[Work to be completed] Transcribe the data in full and exactly, omitting any pictures.

Segment Start: Dataset entries

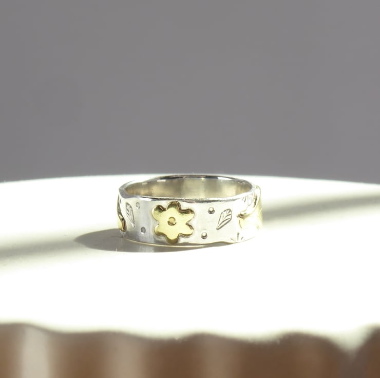 Brass flower and leaves dancing around the band with hand-engraved details.
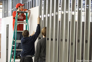 A few miles away, in the Fairview Heights area, students were putting up drywall as they helped to convert an old shopping center property into a youth media center. The project is part of the Y.E.S. (Young Entrepreneurial Spirits) Program, an outreach ministry for 11- to 19-year-olds. It was founded by Liberty alumnus Ron Banks. Children come to the center on Saturdays to learn about video recording and to participate in a Bible study.
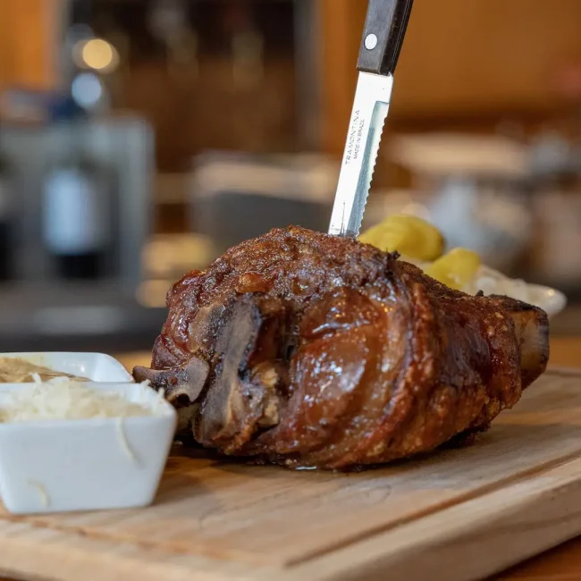 Eine weitere Spezialität unserer Familie ist die knusprige Stelze. Diese wird in unserem Hause klassisch mit Krautsalat, Ölpfefferoni, Senf, Hausbrot und frisch gerissenem Kren serviert.
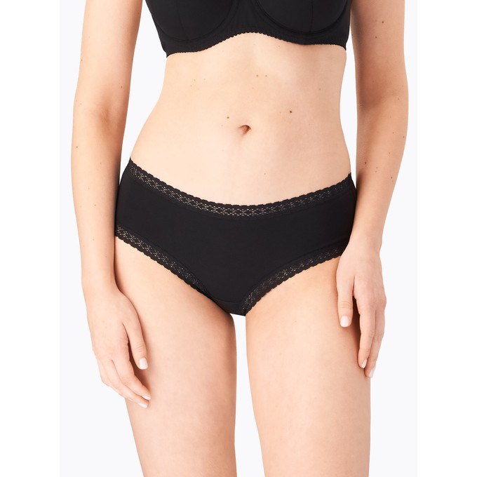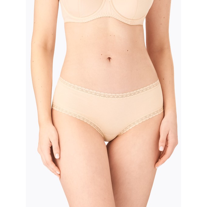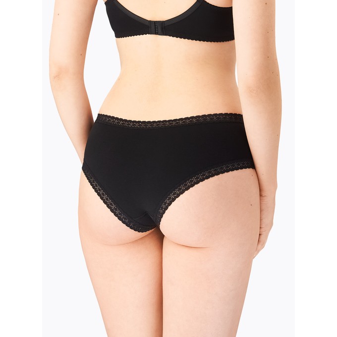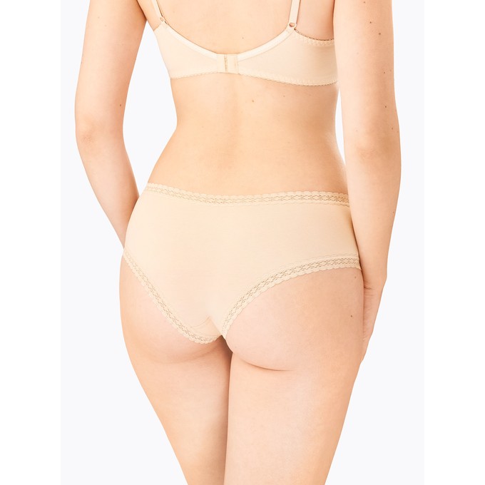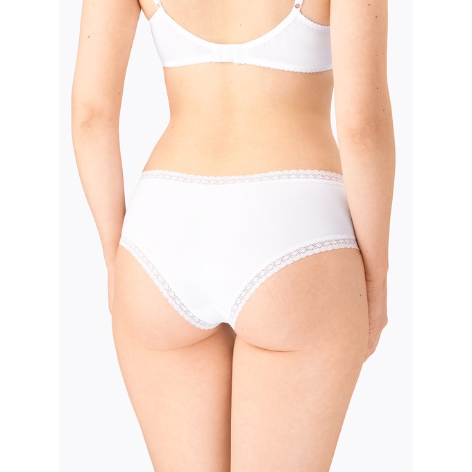 Определить размерБрифы из натурального хлопка с лайкрой с низкой линией талии. Ластовица и узкие эластичные кружева по талии и бедрам настрочены незаметным плоским швом.
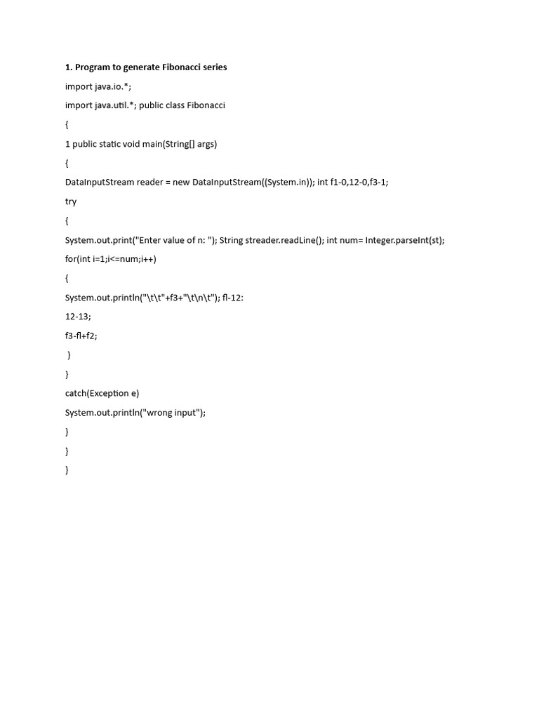 DataInputStream reader = new DataInputStream((System.in)); int f1-0,12-0,f3-1;
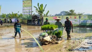 refubliknews.cim, | KAB. BANDUNG – Bupati Bandung Dadang Supriatna bersama Dandim 0624/Kabupaten Bandung Letkol Inf Tinton Amin Putra melaksanakan penanaman padi dalam rangka kegiatan gerakan nasional ketahanan pangan tahun 2024 di Kampung Lampegan RT 01/RW 04 Desa Bojongkunci Kecamatan Pameungpeuk Kabupaten Bandung, Selasa (16/7/2024).
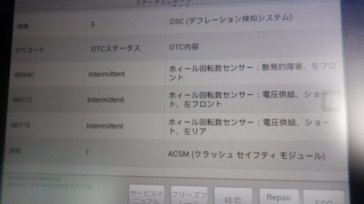 故障コードを読み出すと左前後のABSセンサーのエラーが入力されていました。
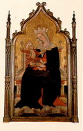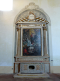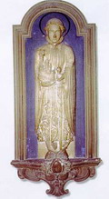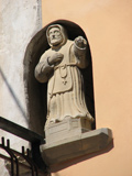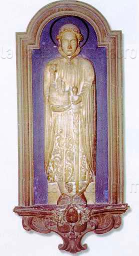 Scultura sulla porta ricavata alla base del campanile della chiesa di San Giuseppe a Sant'Ippolito, agosto 2007

Segment End: Dataset entries

[Exercise answer]
 Brass flower and leaves dancing around the band with hand-engraved details.
 A few miles away, in the Fairview Heights area, students were putting up drywall as they helped to convert an old shopping center property into a youth media center. The project is part of the Y.E.S. (Young Entrepreneurial Spirits) Program, an outreach ministry for 11- to 19-year-olds. It was founded by Liberty alumnus Ron Banks. Children come to the center on Saturdays to learn about video recording and to participate in a Bible study.
 Eine weitere Spezialität unserer Familie ist die knusprige Stelze. Diese wird in unserem Hause klassisch mit Krautsalat, Ölpfefferoni, Senf, Hausbrot und frisch gerissenem Kren serviert.
 Определить размерБрифы из натурального хлопка с лайкрой с низкой линией талии. Ластовица и узкие эластичные кружева по талии и бедрам настрочены незаметным плоским швом.
 DataInputStream reader = new DataInputStream((System.in)); int f1-0,12-0,f3-1;
 refubliknews.cim, | KAB. BANDUNG – Bupati Bandung Dadang Supriatna bersama Dandim 0624/Kabupaten Bandung Letkol Inf Tinton Amin Putra melaksanakan penanaman padi dalam rangka kegiatan gerakan nasional ketahanan pangan tahun 2024 di Kampung Lampegan RT 01/RW 04 Desa Bojongkunci Kecamatan Pameungpeuk Kabupaten Bandung, Selasa (16/7/2024).
 故障コードを読み出すと左前後のABSセンサーのエラーが入力されていました。
 Scultura sulla porta ricavata alla base del campanile della chiesa di San Giuseppe a Sant'Ippolito, agosto 2007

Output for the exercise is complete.